Visibly disoriented, Neville doesn't respond when asked to confirm his last name, and after a period of silence struggles as officers continue to restrain him.

They place a spit hood over his head, and Neville is wheeled in a chair to an observation room while handcuffed. He is then transferred to another cell where he is placed on a mat and held in a prone position — facedown — with his arms in handcuffs.

“Please, please, I can’t breathe, help me, help me, please,” pleads Neville, who becomes distressed and tells officers that he is unable to breathe more than 20 times. Instead, he is further restrained by officers who pull his legs behind him.

“You’re breathing ’cause you’re talking, you’re yelling, and you’re moving. You need to stop. You need to relax, quit resisting us,” responds an officer who attempts to remove Neville’s handcuffs, but struggles because the key had broken off in the lock.

They resort to using a bolt cutter to remove the handcuffs, and on the advice of someone not visible on camera, the officers release Neville’s legs “so he can breathe.”

With Neville in a prone position, officers can be heard exchanging jokes about the damage to the handcuffs.

“Whose cuffs were those? ... It’s coming out of your paycheck,” says one officer.

An extended period of silence from Neville prompts an officer to check in on him but he remains unresponsive.

“John, you all right, buddy? I promise we’re going to be done in a few minutes all right?” the officer says. “I’ll take that as a yes.”

When the cuffs are removed, the officers and nurse seem unable to get a clear response from Neville and they all exit the cell, leaving him unattended for a moment, only to reenter shortly after to clarify whether he was breathing.

The footage ends with the attending nurse performing chest compressions for CPR.

Neville, a father from Greensboro, North Carolina, was arrested on Dec. 1 last year and held on an assault charge. The incident at the prison took place the following day and he died at Wake Forest Baptist Medical Center two days later.

According to the autopsy, he died of a brain injury due to "positional and compressional asphyxia during prone restraint.”

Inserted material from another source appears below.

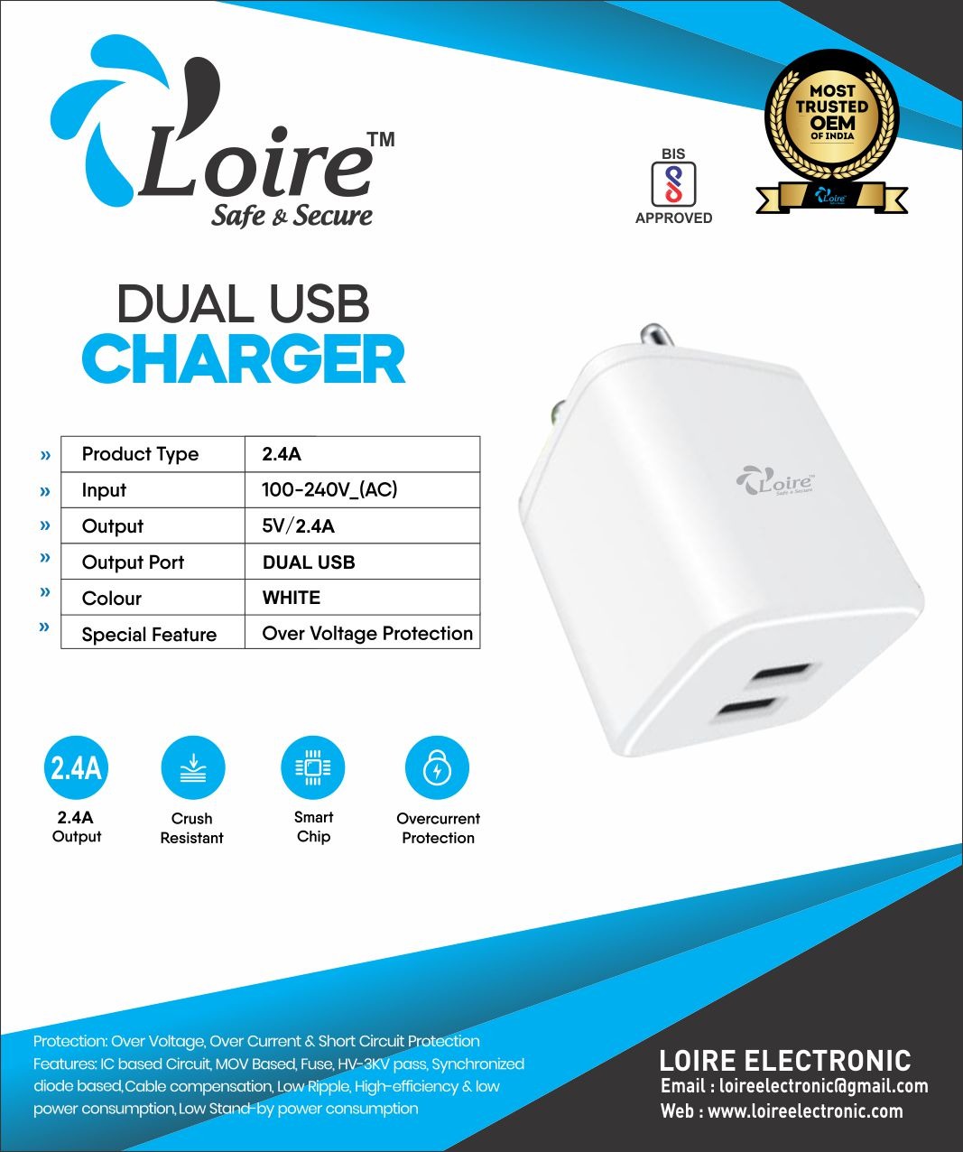 Loire (Safe & Secure) 2.4A Dual USB Charger (White)

In a press conference on Aug. 4, ahead of the footage being released, Sheriff Bobby F. Kimbrough issued an apology to Neville’s family and suggested renaming a housing unit at the Forsyth County Detention Center in his honor.

"I apologize again for what happened on that day," said Kimbrough, “We're sorry for the mistakes made that day. I take responsibility for that as the sheriff."

Kimbrough told reporters that the “tragic” footage had brought him to tears.

The details of Neville’s death were made public following an investigation by the News & Observer and underpin the most recent wave of nationwide protests set in motion by the death of George Floyd, an unarmed Black man who died after a Minneapolis police officer placed him in a knee chokehold for more than eight minutes.

Along with calling for major police reform, the protests have ignited a reckoning over racial injustice across the country and in many industries.